With the images removed, repeat the data below exactly.

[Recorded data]

___

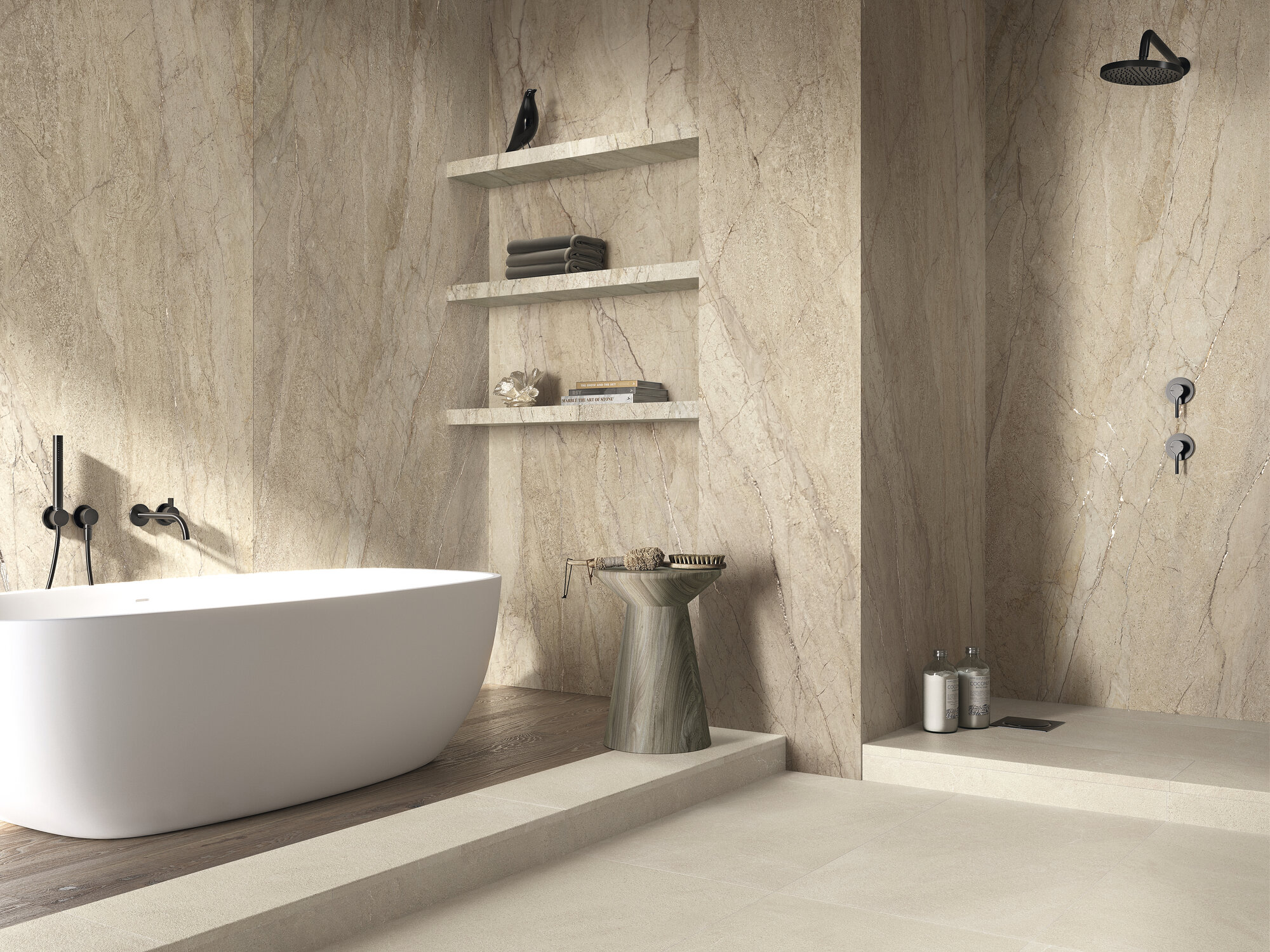 Imperial and glorious marbles, exceptionally worked pieces to recreate sober environments capable of going through all the corners of our home. Daino Real, precious natural marble, extracted from Sardegna, characterized by a warm and timeless cream color, serves as a background to fuse the most characteristic veins of a powerful Essential Grey. After delicate work in its matte version, light can be seen reflected, achieving a soft contrast that highlights its purest essence through a wide variety of formats and polished and matte finishes.
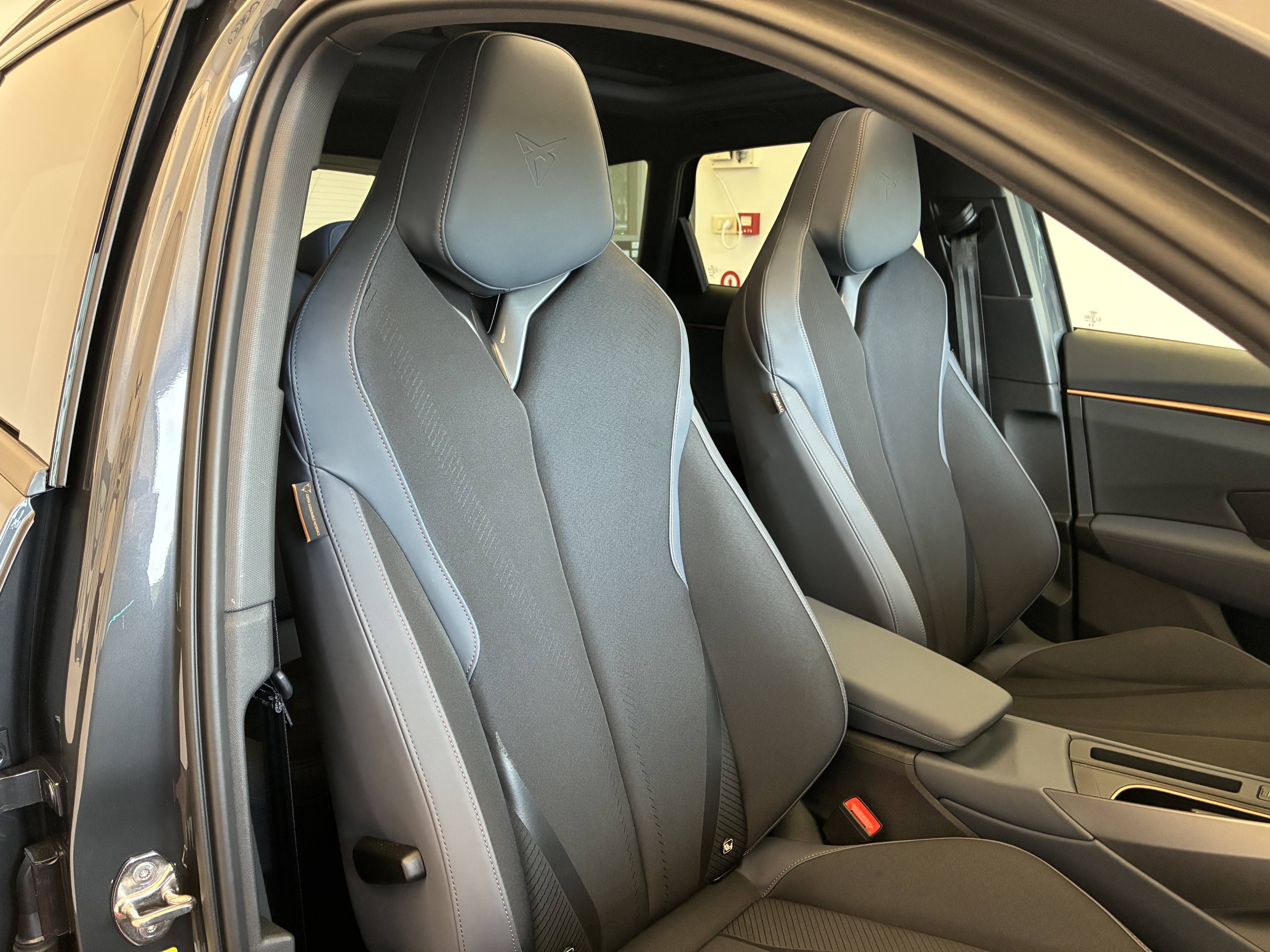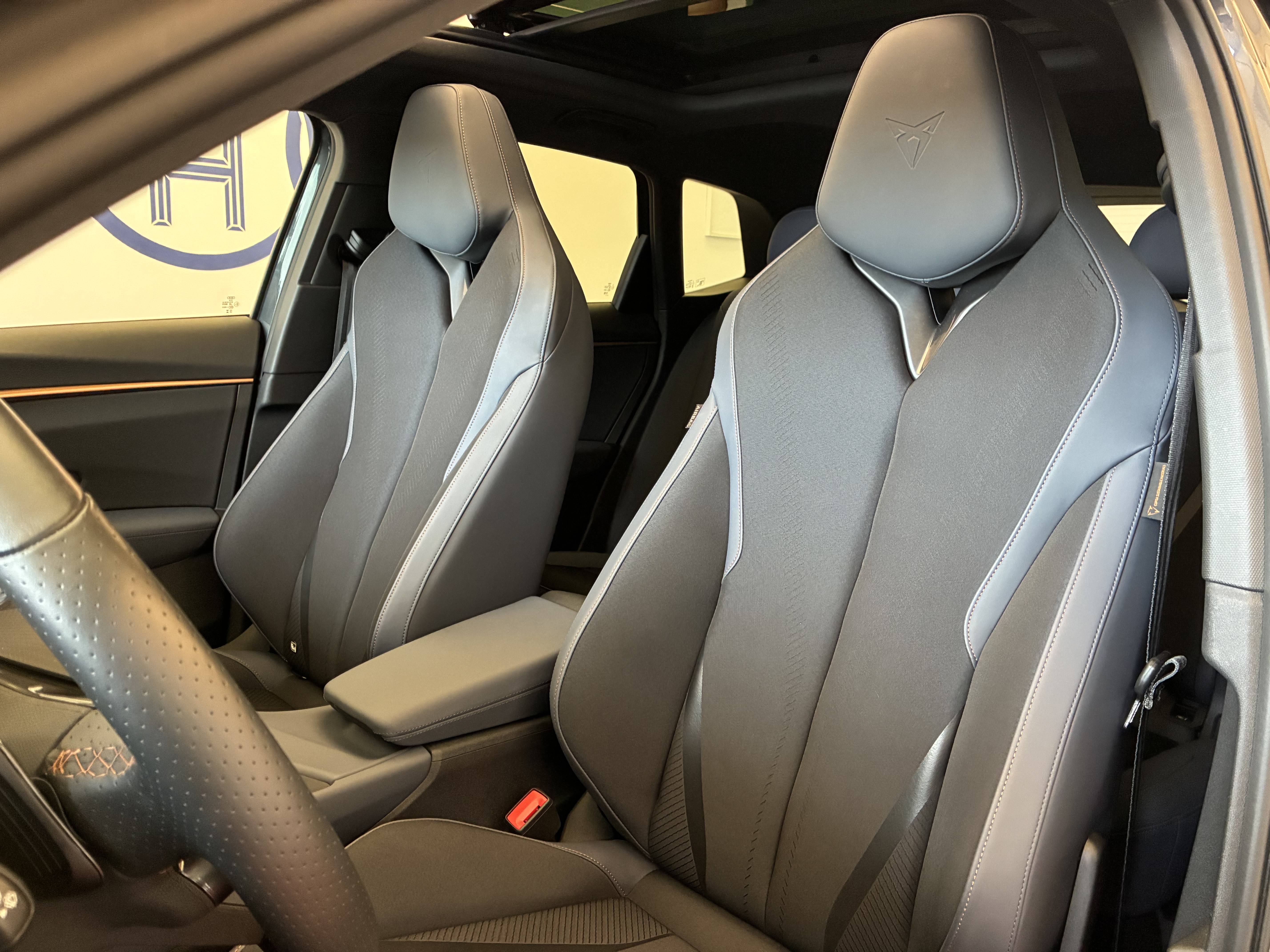 - Design Intérieur Deep Ocean (sièges baquets TEP + textile Bleu Acier) - Logos CUPRA estampés sur les appuie-têtes - Planche de bord bleu acier texturée avec aérateurs cuivrés - Contre-portes en TEP noir texturé - Ciel de pavillon noir - Sièges conducteur et passager avec réglage manuel en hauteur et lombaire
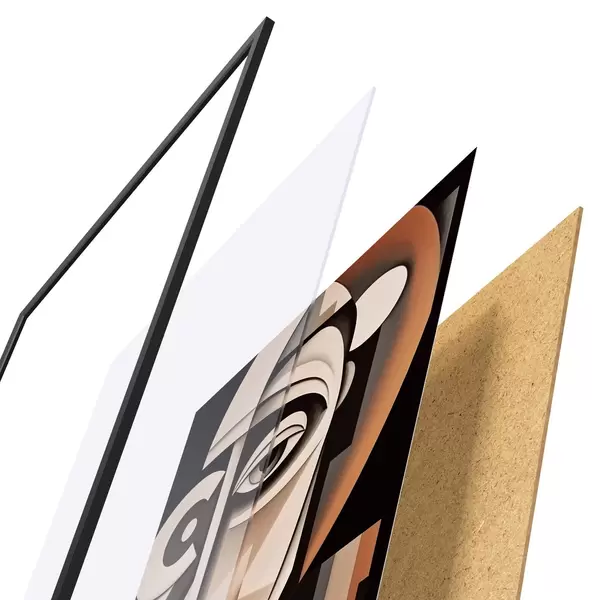 Plagát sa skladá z rámu, plexiskla, vytlačeného obrazu a podkladu z drevotriesky. Plagát možno okamžite zavesiť na stenu vďaka úchytom na zadnej strane.
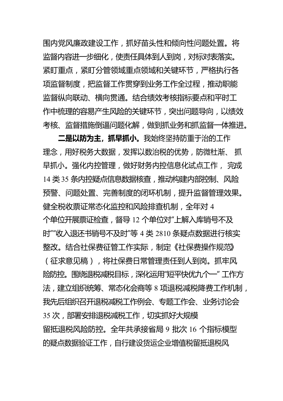 2022年度履行全面从严治党主体责任、落实“一岗双责”工作情况报告2022年以来,我始终坚持以习近平新时代中国特色社会主义思想为指导,认真学习贯彻党的二十大精神,坚决贯彻落实中央、省、市委关于全面从严治党的决策部署,切实扛起全面从严治党职责,坚持问题导向、加强研究谋划、狠抓整改落实、从严监督问责,以“两个永远在路上”的坚定和执着,推动党建工作上高度,廉政建设上层次,业务工作上水平现将有关情况报告如下:一、“一岗双责”履职情况一年来,我坚持把加强思想政治理论学习放在首位,认真领会党的二十大精神,在思想上、认识上、理论上、行动上与党中央始终保持高度一致。一是突出重点,强化责任。坚持以习近平新时代中国特色社会主义思想为指导,深入学习贯彻党的二十大精神,把党风廉政建设责任制贯穿在工作始终,严格落实党要管党全面从严治党要求。切实履行主体责任和“一岗双责”,坚持严字当头、严于修身、一严到底,以身作则带好队伍,做党风廉政建设责任制的践行者、执行者,当好引领者和示范者,切实把党风廉政建设同分管工作同部署、同落实、同检查、同推进。坚持从工作需求出发,我定期组织各科室负责人召开党风廉政建设专题工作会,及时研究、布置、检查分管范围内党风廉政建设工作,抓好苗头性和倾向性问题处置。将监督内容进一步细化,使责任具体到人到岗,对标对表落实。紧盯重点,紧盯分管领域重点领域和关键环节,严格执行各项监督制度,把监督工作贯穿到业务工作全过程,推动职能监督纵向联动、横向贯通。结合绩效考核指标要点和平时工作中梳理的容易产生风险的关键环节,突出问题导向,以绩效考核、监督措施倒逼问题化解,做到抓业务和抓监督一体推进。二是以防为主,抓早抓小。我始终坚持防重于治的工作理念,用好税务大数据,发挥以数治税的优势,防微杜渐、抓早抓小。强化内控管理,做好财务内控信息化试点工作,完成14类35条内控疑点信息数据核查,推动构建内部控制、风险预警、问题处置、完善制度的闭环机制,提升监督管理效果。健全税收票证常态化监控和风险排查机制,全年对4个单位开展票证检查,督导12个单位对“上解入库销号不及时”“收入退还书销号不及时”等4类2810条疑点数据进行核实整改。结合社保费征管工作实际,制定《社保费操作规范》(征求意见稿),将社保费日常管理责任到人到岗。抓牢风险防控。围绕退税减税目标,深化运用“短平快优九个一”工作方法,建立组织统筹、常态化会商等8项退税减税降费工作机制,我先后组织召开退税减税工作例会、专题工作会、业务讨论会35次,部署安排退税减税工作,切实抓好大规模留抵退税风险防控。全年共承接省局9批次16个指标模型的疑点数据验证工作,自行建设货运企业增值税留抵退税风险指标进行扫描,查补留抵退税xx万元。扎实抓好总局省局xxx户次风险任务,市局xx户次风险任务的应对,全市累计挽回留抵退税xxx万元,极大化解了风险,保护了干部,使政策红利有效精准直达企业主体。加强社保非税风险排查,梳理社保费单位缴费人17种风险情形和非税收入矿产资源类29个风险点,制定《社保非税专业化管理机构风险防控制度》,堵住征管漏洞。三是底线思维,守住红线。我坚定不移深化党风廉政建设和反腐败斗争,树牢底线思维,以时时放心不下的责任感,一体推动“三不”体制机制建设。守住政治底线。把抓好政治机关建设摆在首位,进一步严明政治纪律,坚定理想信念,定期组织分管科室党支部认真学习贯彻落实习近平新时代中国特色社会主义思想,严格落实“三会一课”、谈心谈话等制度,发挥支部纪检员作用,加强对党员遵规守纪情况常态监督。通过召开警示教育会、播放警示教育片、通报典型案例等,引导党员牢固树立“四个意识”,做到“两个维护”,在是非面前,旗帜鲜明讲原则,在问题面前,敢抓敢管动真格。守住组织收入底线。带领分管科室牢牢守住组织收入底线,坚持依法征收,坚决不收“过头税费”“寅吃卯粮”。2022年1-11月,全市税务系统累计组织各项收入入库xxx亿元,增长27.5%,增收xxx亿元。其中,组织税收xxx亿元,增长15.3%,增收xxx亿元,规模列全省第xx位,增幅列全省第x位。...
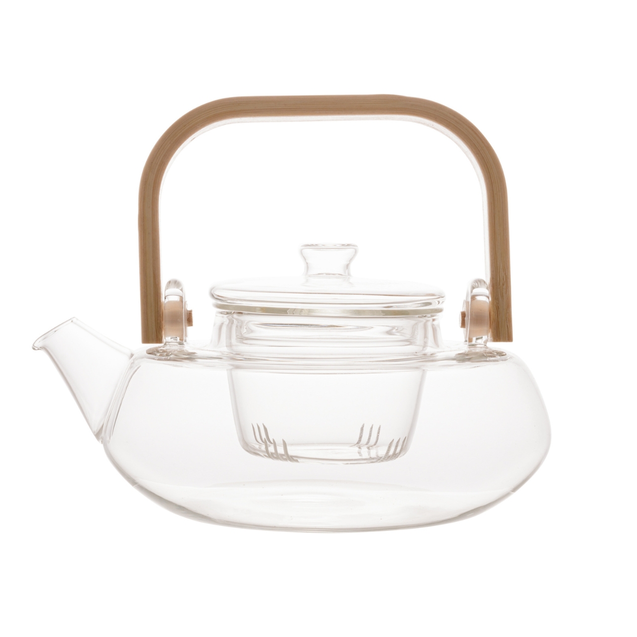 Chaleira de Vidro Borossilicato Resistente à Calor e com Alça em Bambu de 800ml

___

### TASK RESPONSE:
 Imperial and glorious marbles, exceptionally worked pieces to recreate sober environments capable of going through all the corners of our home. Daino Real, precious natural marble, extracted from Sardegna, characterized by a warm and timeless cream color, serves as a background to fuse the most characteristic veins of a powerful Essential Grey. After delicate work in its matte version, light can be seen reflected, achieving a soft contrast that highlights its purest essence through a wide variety of formats and polished and matte finishes.
 - Design Intérieur Deep Ocean (sièges baquets TEP + textile Bleu Acier) - Logos CUPRA estampés sur les appuie-têtes - Planche de bord bleu acier texturée avec aérateurs cuivrés - Contre-portes en TEP noir texturé - Ciel de pavillon noir - Sièges conducteur et passager avec réglage manuel en hauteur et lombaire
 Plagát sa skladá z rámu, plexiskla, vytlačeného obrazu a podkladu z drevotriesky. Plagát možno okamžite zavesiť na stenu vďaka úchytom na zadnej strane.
 2022年度履行全面从严治党主体责任、落实“一岗双责”工作情况报告2022年以来,我始终坚持以习近平新时代中国特色社会主义思想为指导,认真学习贯彻党的二十大精神,坚决贯彻落实中央、省、市委关于全面从严治党的决策部署,切实扛起全面从严治党职责,坚持问题导向、加强研究谋划、狠抓整改落实、从严监督问责,以“两个永远在路上”的坚定和执着,推动党建工作上高度,廉政建设上层次,业务工作上水平现将有关情况报告如下:一、“一岗双责”履职情况一年来,我坚持把加强思想政治理论学习放在首位,认真领会党的二十大精神,在思想上、认识上、理论上、行动上与党中央始终保持高度一致。一是突出重点,强化责任。坚持以习近平新时代中国特色社会主义思想为指导,深入学习贯彻党的二十大精神,把党风廉政建设责任制贯穿在工作始终,严格落实党要管党全面从严治党要求。切实履行主体责任和“一岗双责”,坚持严字当头、严于修身、一严到底,以身作则带好队伍,做党风廉政建设责任制的践行者、执行者,当好引领者和示范者,切实把党风廉政建设同分管工作同部署、同落实、同检查、同推进。坚持从工作需求出发,我定期组织各科室负责人召开党风廉政建设专题工作会,及时研究、布置、检查分管范围内党风廉政建设工作,抓好苗头性和倾向性问题处置。将监督内容进一步细化,使责任具体到人到岗,对标对表落实。紧盯重点,紧盯分管领域重点领域和关键环节,严格执行各项监督制度,把监督工作贯穿到业务工作全过程,推动职能监督纵向联动、横向贯通。结合绩效考核指标要点和平时工作中梳理的容易产生风险的关键环节,突出问题导向,以绩效考核、监督措施倒逼问题化解,做到抓业务和抓监督一体推进。二是以防为主,抓早抓小。我始终坚持防重于治的工作理念,用好税务大数据,发挥以数治税的优势,防微杜渐、抓早抓小。强化内控管理,做好财务内控信息化试点工作,完成14类35条内控疑点信息数据核查,推动构建内部控制、风险预警、问题处置、完善制度的闭环机制,提升监督管理效果。健全税收票证常态化监控和风险排查机制,全年对4个单位开展票证检查,督导12个单位对“上解入库销号不及时”“收入退还书销号不及时”等4类2810条疑点数据进行核实整改。结合社保费征管工作实际,制定《社保费操作规范》(征求意见稿),将社保费日常管理责任到人到岗。抓牢风险防控。围绕退税减税目标,深化运用“短平快优九个一”工作方法,建立组织统筹、常态化会商等8项退税减税降费工作机制,我先后组织召开退税减税工作例会、专题工作会、业务讨论会35次,部署安排退税减税工作,切实抓好大规模留抵退税风险防控。全年共承接省局9批次16个指标模型的疑点数据验证工作,自行建设货运企业增值税留抵退税风险指标进行扫描,查补留抵退税xx万元。扎实抓好总局省局xxx户次风险任务,市局xx户次风险任务的应对,全市累计挽回留抵退税xxx万元,极大化解了风险,保护了干部,使政策红利有效精准直达企业主体。加强社保非税风险排查,梳理社保费单位缴费人17种风险情形和非税收入矿产资源类29个风险点,制定《社保非税专业化管理机构风险防控制度》,堵住征管漏洞。三是底线思维,守住红线。我坚定不移深化党风廉政建设和反腐败斗争,树牢底线思维,以时时放心不下的责任感,一体推动“三不”体制机制建设。守住政治底线。把抓好政治机关建设摆在首位,进一步严明政治纪律,坚定理想信念,定期组织分管科室党支部认真学习贯彻落实习近平新时代中国特色社会主义思想,严格落实“三会一课”、谈心谈话等制度,发挥支部纪检员作用,加强对党员遵规守纪情况常态监督。通过召开警示教育会、播放警示教育片、通报典型案例等,引导党员牢固树立“四个意识”,做到“两个维护”,在是非面前,旗帜鲜明讲原则,在问题面前,敢抓敢管动真格。守住组织收入底线。带领分管科室牢牢守住组织收入底线,坚持依法征收,坚决不收“过头税费”“寅吃卯粮”。2022年1-11月,全市税务系统累计组织各项收入入库xxx亿元,增长27.5%,增收xxx亿元。其中,组织税收xxx亿元,增长15.3%,增收xxx亿元,规模列全省第xx位,增幅列全省第x位。...
 Chaleira de Vidro Borossilicato Resistente à Calor e com Alça em Bambu de 800ml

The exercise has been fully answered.